WHAT YOU WILL DO: In the data below, find the line with "Salini NOEMI Раковина" and the line with "Lodgen består af", then restate both and every line between them exactly, minus the pictures.
_____
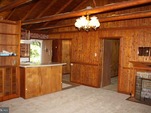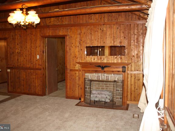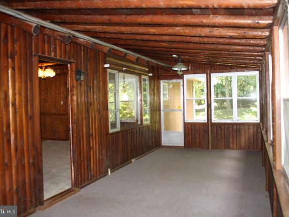 Rambler log siding with circle driveway. 3 br 1.5 bath. Livingroom, Dining Room and sun porch. Gas fireplace in Livingroom. Hard wood floors and carpet. Loft and open beam ceiling. Has basement that you access from outside not inside with laundry area. Property is being sold as is.
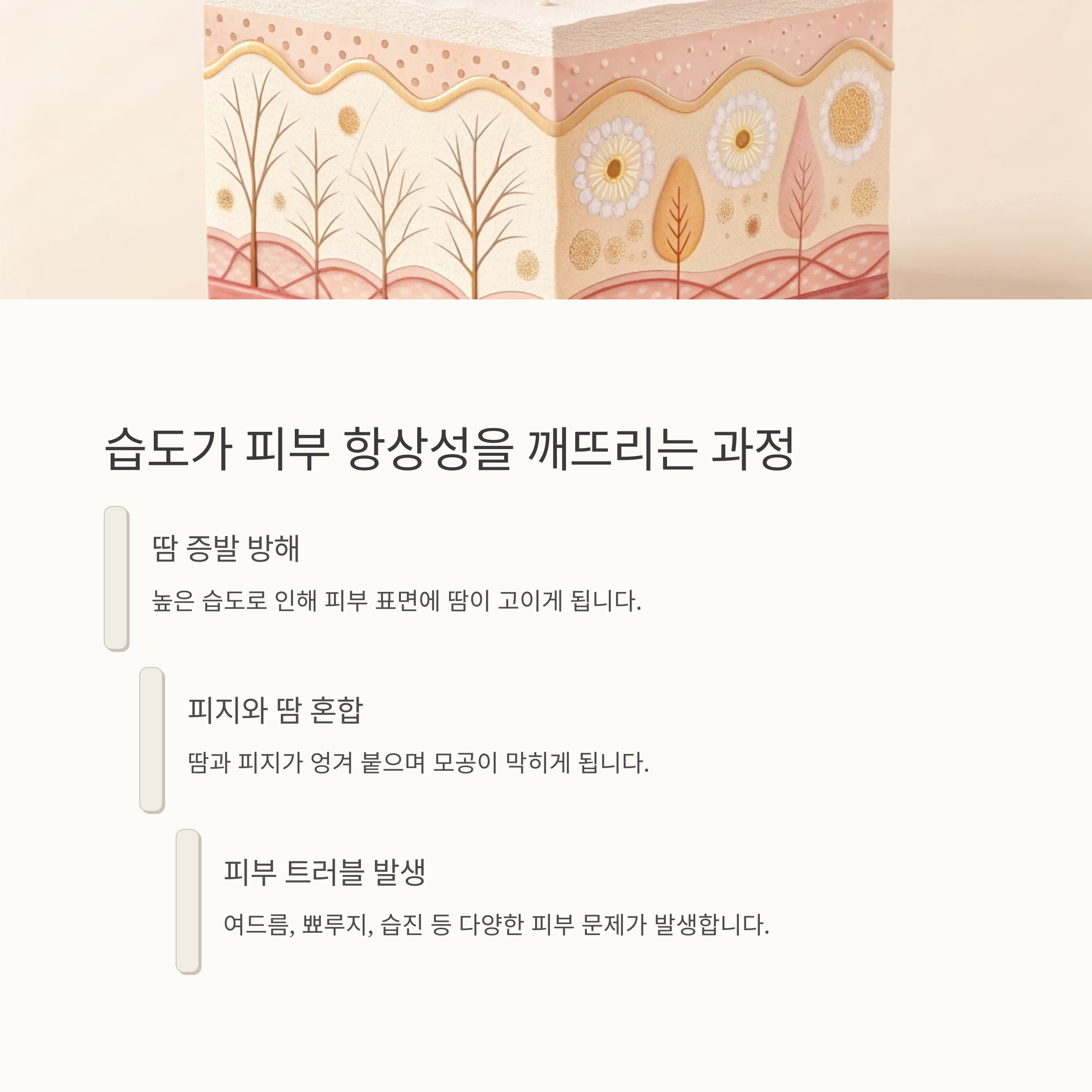| 고온다습 환경 | 모공 확장, 트러블 발생 |
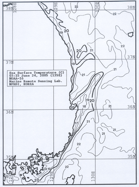 o 2005년 6월 24일 오전 10시 현재 동해남부 연안정지 관측점에서 관측한 수온은 기장 섭씨 17.2도, 일광 15.0도, 울기 16.8도, 감포 16.8도, 울진 15.9도로 주변의 정상수온 20∼22도에 비해 5도 이상 차게 나타나고 있습니다. o 아래 그림은 NOAA위성 열감지기가 관측한 수온분포도입니다. o 동해남부 연안에 발생한 냉수대 주변수온은 16∼18도로 나타납니다. < 위의 그림을 클릭하시면 확대된 수온정보를 보실 수 있습니다 >
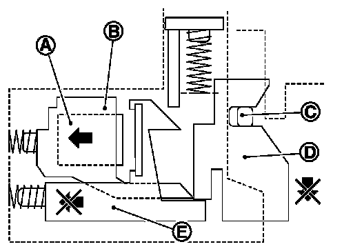 (D) also lowers while pressing slider into shift lock unit. However, stopper (E) pressed by spring comes underneath plate. Plate cannot lower further when it contacts stopper, and detent pin cannot lower to the point that releases selector lever. Thus selector lever stays in the "P" position and selector lever is unable to shift.
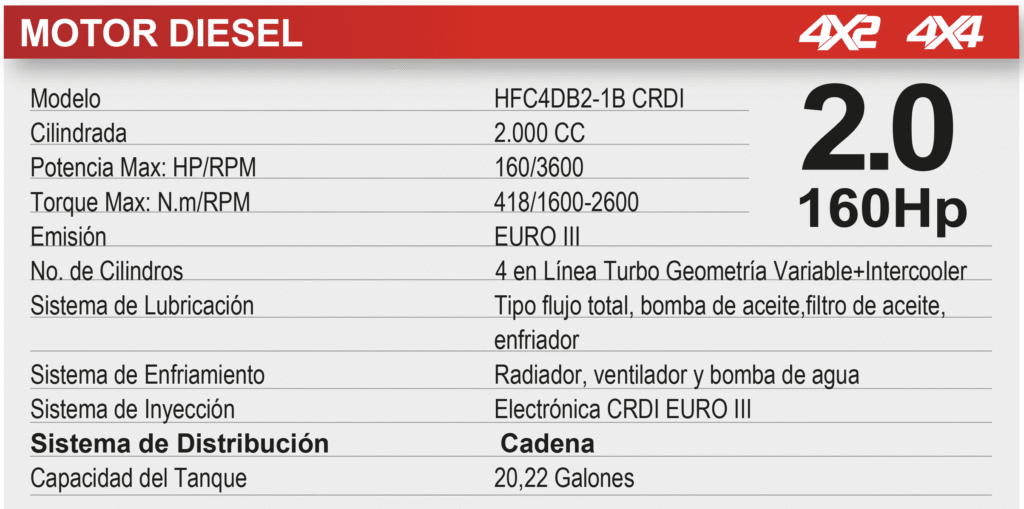 Con 160 HP y 418 Nm de torque, el JAC T8 Frison entrega una respuesta contundente gracias a su motor turbodiésel CRDI de geometría variable, diseñado para soportar carga, tracción y exigencia sin comprometer eficiencia. Su sistema 4×4 y transmisión de 6 velocidades aseguran desempeño en ciudad, carretera o terrenos difíciles, haciendo de esta pick-up una herramienta poderosa, confiable y lista para producir.
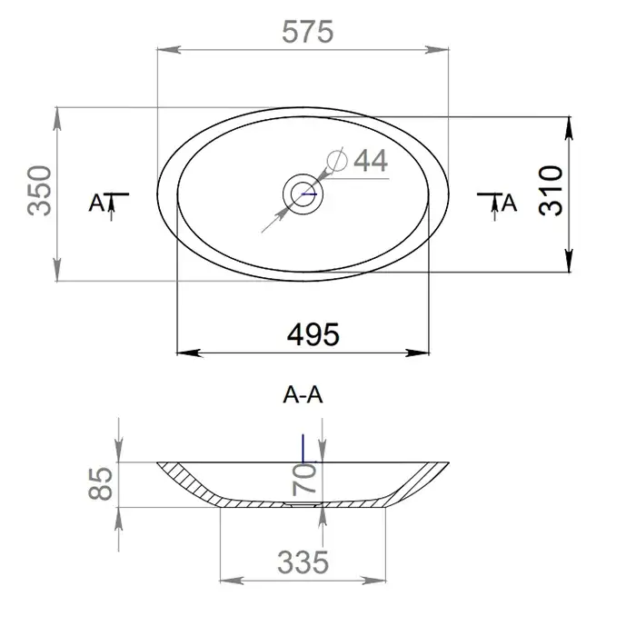 Salini NOEMI Раковина накладная 56х34х15см, без отв., без перелива, материал: S-Stone, цвет: RAL9011 матовый
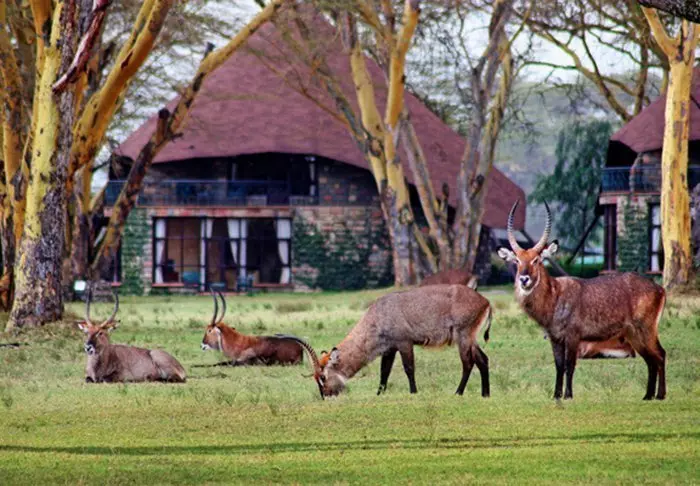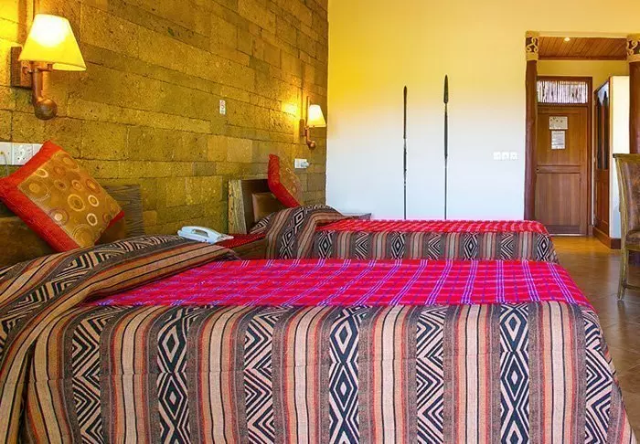 Lodgen består af 7 små toetagers ”huse”, som hver har 10 værelser. Værelserne er hyggeligt indrettet i typisk afrikansk stil. De har alle eget badeværelse, loftsvifte, te- og kaffefaciliteter men vigtigst af alt; en stor terrasse eller balkon, hvorfra der er udsigt til sletterne og dyrelivet.
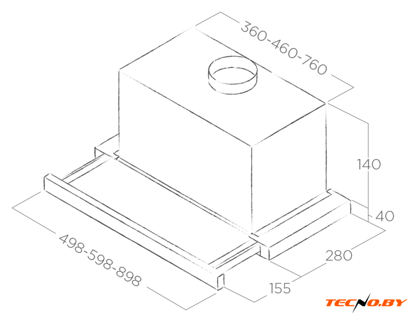конструкция скрытая, монтаж для встраивания, ширина 50 см, управление механическое/кнопочное, производительность вытяжки 1000 м³/ч, цвет нержавеющая сталь
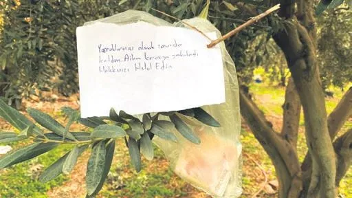 BURSA İznik'te bir vatandaş Veysel Çil'in zeytin bahçesine gitti. Corona'ya iyi gelen zeytin yapraklarından topladı, 150 lira ile "Hakkınızı helal edin" notunu bırakıp gitti. Önceki gün bahçesine giden Çil, nottan çok etkilendi
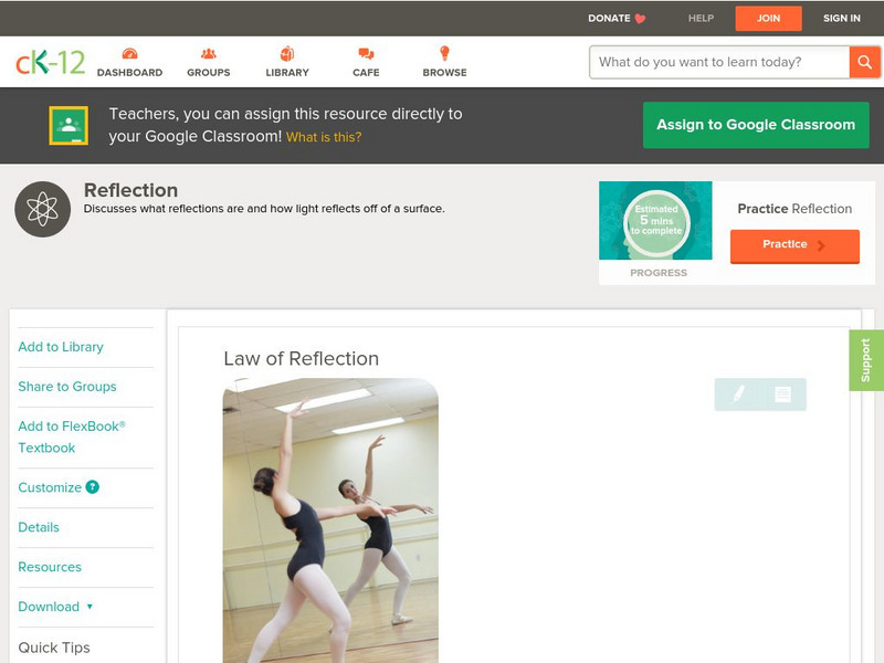[Free Registration/Login may be required to access all resource tools.] Reflection and how it produces an image, regular and diffuse reflection and the law of reflection.
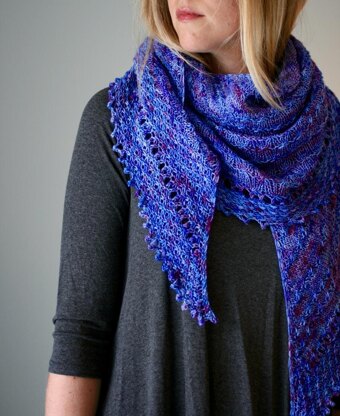 Louloudi (the Greek word for flower) is a crescent-shaped shawl embellished with garlands of daisy stitch that create a beautiful texture and perfectly utilize the color changes of a pretty variegated yarn. Knit from the top down, Louloudi is shaped into a crescent with simple increases on every row. Short rows create small slices of Stockinette between the strands of daisy chains and create an overall asymmetrical shawl. A picot bind off finishes things off. Taking two skeins of fingering weight yarn, either in one color or two, Louloudi is a light-but-warm and striking piece that will keep away the chill as you take a walk through the wildflowers.
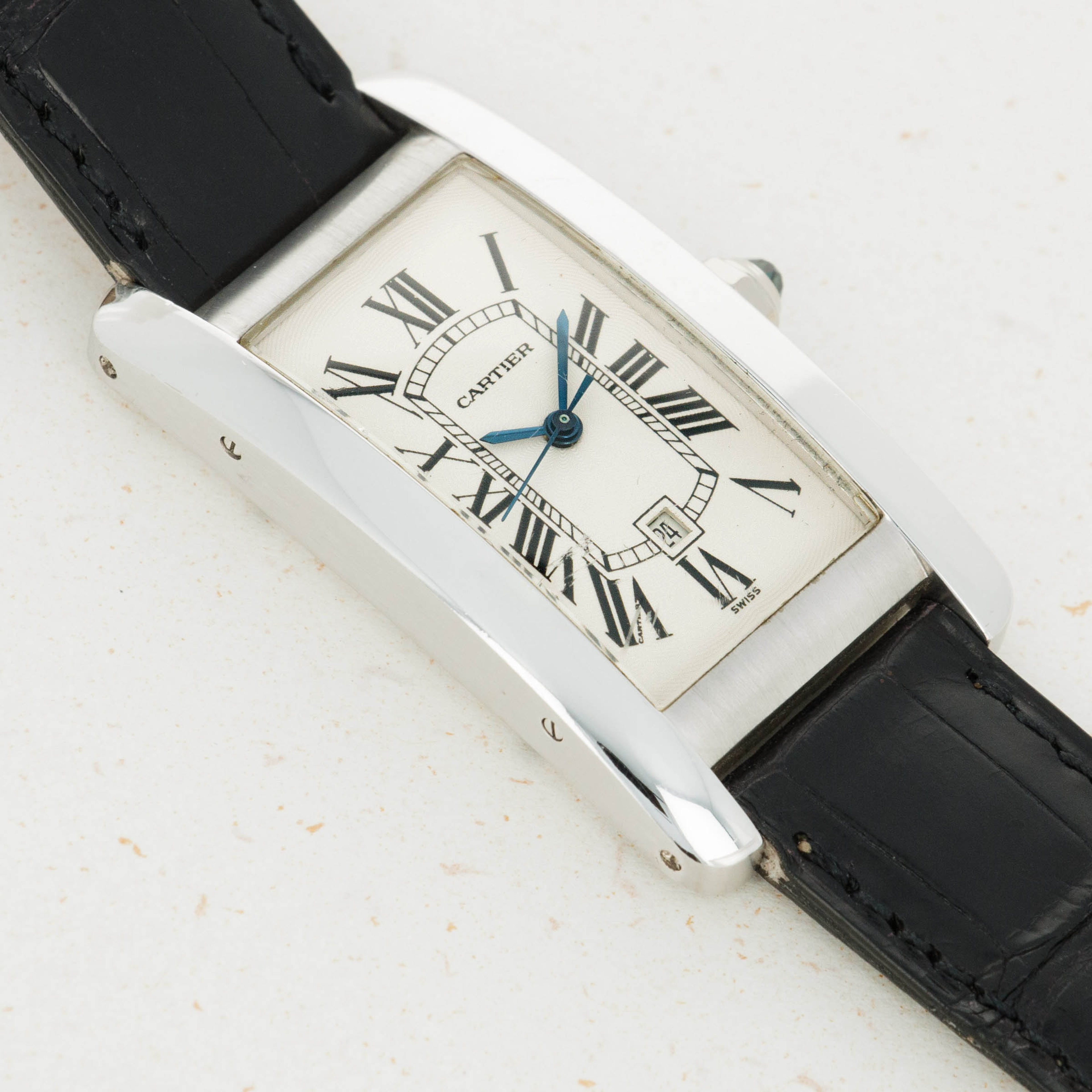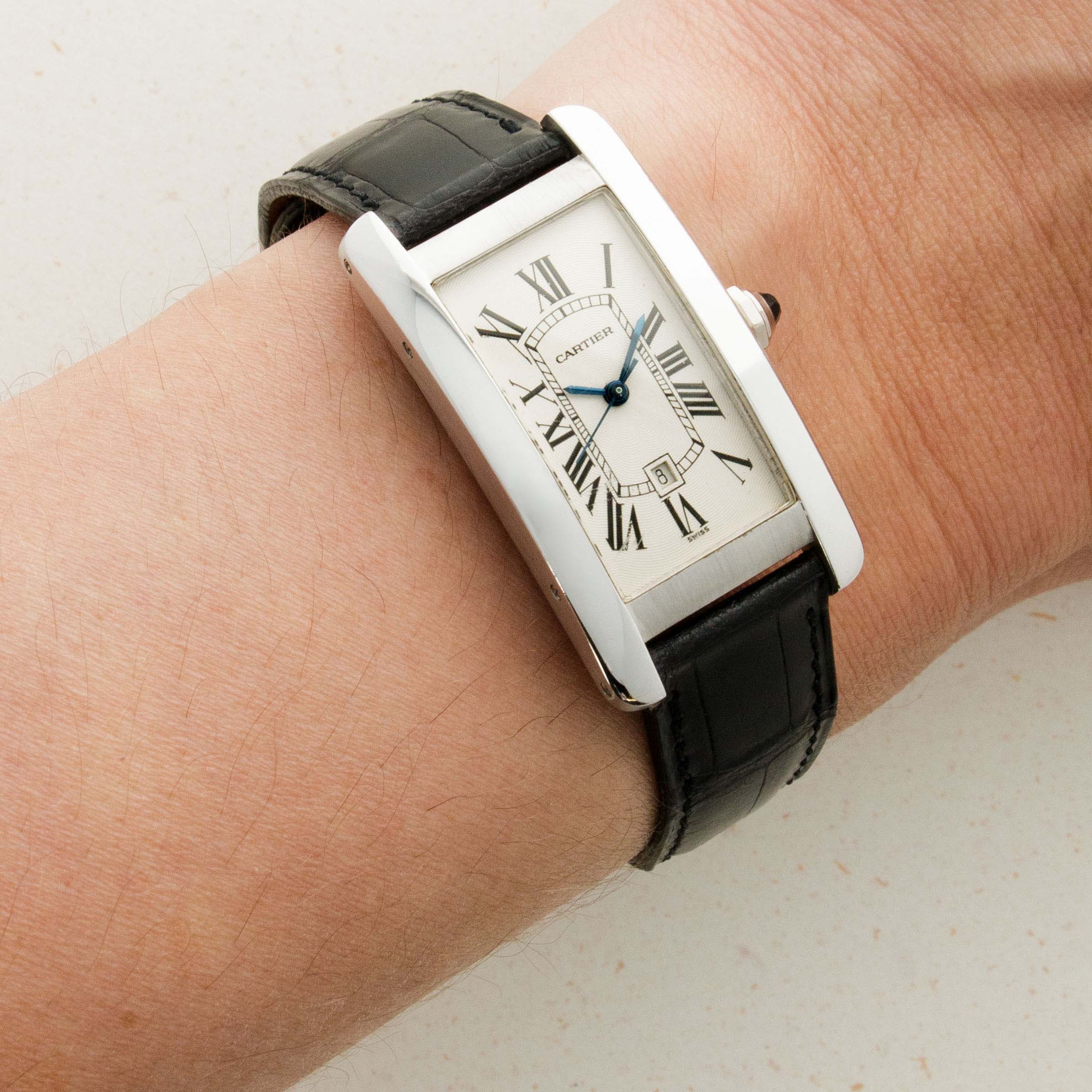 An iconic piece of Cartier's signature aesthetic, the Tank Americaine features the French watchmaker's legendary white dial with black Roman numerals, blued steel hands, and a railroad-style minute track.
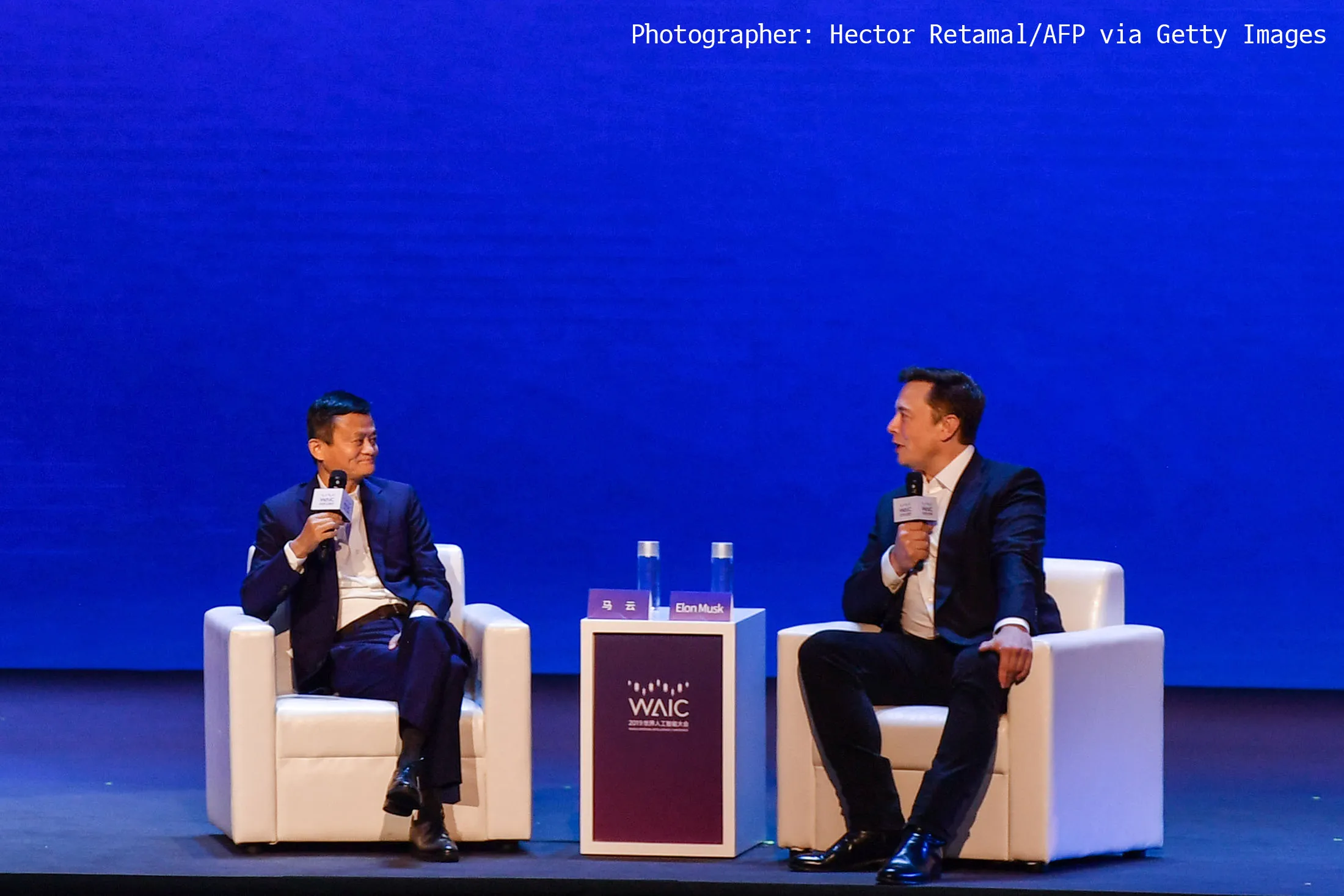 埃隆·马斯克(右),特斯拉的联合创始人兼首席执行官,以及马云,联合国数字合作高级别小组的共同主席,于2019年8月29日在上海的世界人工智能大会(WAIC)上发言。(照片由HECTOR RETAMAL / AFP提供)(照片版权应注明HECTOR RETAMAL/AFP/Getty Images)摄影师:HECTOR RETAMAL/AFP### 我们正在阅读的内容
_____
SOLUTION FOR THIS PROBLEM:
 Salini NOEMI Раковина накладная 56х34х15см, без отв., без перелива, материал: S-Stone, цвет: RAL9011 матовый
 Lodgen består af 7 små toetagers ”huse”, som hver har 10 værelser. Værelserne er hyggeligt indrettet i typisk afrikansk stil. De har alle eget badeværelse, loftsvifte, te- og kaffefaciliteter men vigtigst af alt; en stor terrasse eller balkon, hvorfra der er udsigt til sletterne og dyrelivet.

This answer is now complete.